One of DC’s sillier arguments–a very competitive category–is the claim that you’re not really cutting a program when you reduce its growth rate.
Apparently, Congressman Ryan was unhappy with a new CBPP post pointing out that most–69%–of his budget cuts come from programs that serve low or moderate income people. As CBPP’s Bob Greenstein points out: [my bold, btw]
Responding to the 69 percent figure, the Chairman shifted direction in a new piece that he inserted this week in the Congressional Record. He claimed these cuts aren’t really “cuts” at all; instead, they are simply smaller spending increases than would otherwise occur. “A smaller increase is not a spending cut,” he wrote.
Well, two problems:
First, the Chairman is trying to have it both ways. At the very start of his “Pathway to Prosperity,” he writes, “The House Republican budget cuts spending by $5.1 trillion over the next ten years.” Apparently, he wants to brag to congressional budget cutters that his plan cuts spending deeply, while convincing critics of his budget cuts that they aren’t really “cuts” at all.
Second, the latter argument — that a cut isn’t really a “cut” — makes little sense.

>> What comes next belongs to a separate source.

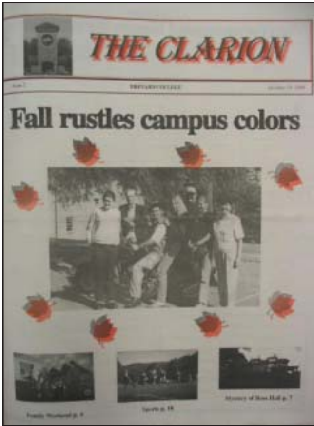
The Clarion begins to look less like a newspaper in 1999

For many programs, it costs more to provide the same services for its beneficiaries from year to year, because of inflation. In addition, the population is aging and, thus, more people qualify for programs for elderly Americans each year. For these reasons, the cost of providing the same level of benefits and services to people who qualify rises for various programs from year to year in nominal dollars — that is, in dollars not adjusted for inflation, population growth, or the population’s aging.
A budget allocation that doesn’t cover cost increases due to these factors means either that eligible recipients will see their services or benefits cut, or that some people who would otherwise qualify for those services or benefits are turned away.
So if Rep. Ryan himself is comfortable calling it a cut, so are we. Because that’s what it is.